`edsnlp.utils.training`

`make_spacy_corpus_config`

Helper to create a spacy's corpus config from training and dev data by loading the documents accordingly and exporting the documents using spacy's DocBin.

Parameters

PARAMETER	DESCRIPTION
`train_data`	The training data. Can be: - a list of spacy.Doc - a path to a given dataset TYPE: `Union[str, List[Doc]]`
`dev_data`	The development data.
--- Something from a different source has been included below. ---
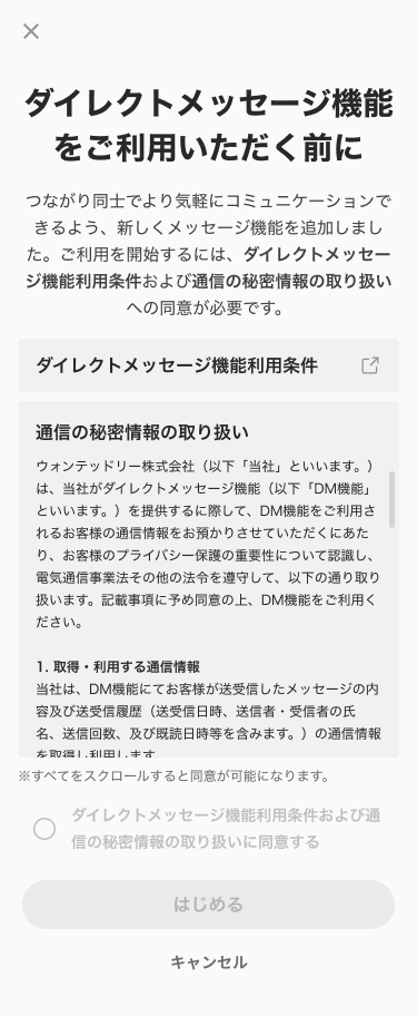 DM機能とはつながり状態のユーザーとメッセージのやりとりができる機能です。

Can be: - a list of spacy.Doc - a path to a given dataset - the number of documents to take from the training data - the fraction of documents to take from the training data TYPE: `Union[str, List[Doc], int, float]`
`data_format`	Optional data format to determine how we should load the documents from the disk TYPE: `Union[Optional[DataFormat], str]` DEFAULT: `None`
`nlp`	Optional spacy model to load documents from non-spacy formats (like brat) TYPE: `Optional[Language]` DEFAULT: `None`
`seed`	The seed if we need to shuffle the data when splitting the dataset TYPE: `int` DEFAULT: `0`
`reader`	Which spacy reader to use when loading the data TYPE: `str` DEFAULT: `'spacy.Corpus.v1'`

RETURNS	DESCRIPTION
`Config`

`train`

Training help to learn weight of trainable components in a pipeline. This function has been adapted from https://github.com/explosion/spaCy/blob/397197e/spacy/cli/train.py#L18

Parameters

PARAMETER	DESCRIPTION
`nlp`	Spacy model to train TYPE: `Language`
`output_path`	Path to save the model TYPE: `Union[Path, str]`
`config`	Optional config overrides TYPE: `Union[Config, dict]`
`use_gpu`	Which gpu to use for training (-1 means CPU) TYPE: `int` DEFAULT: `-1`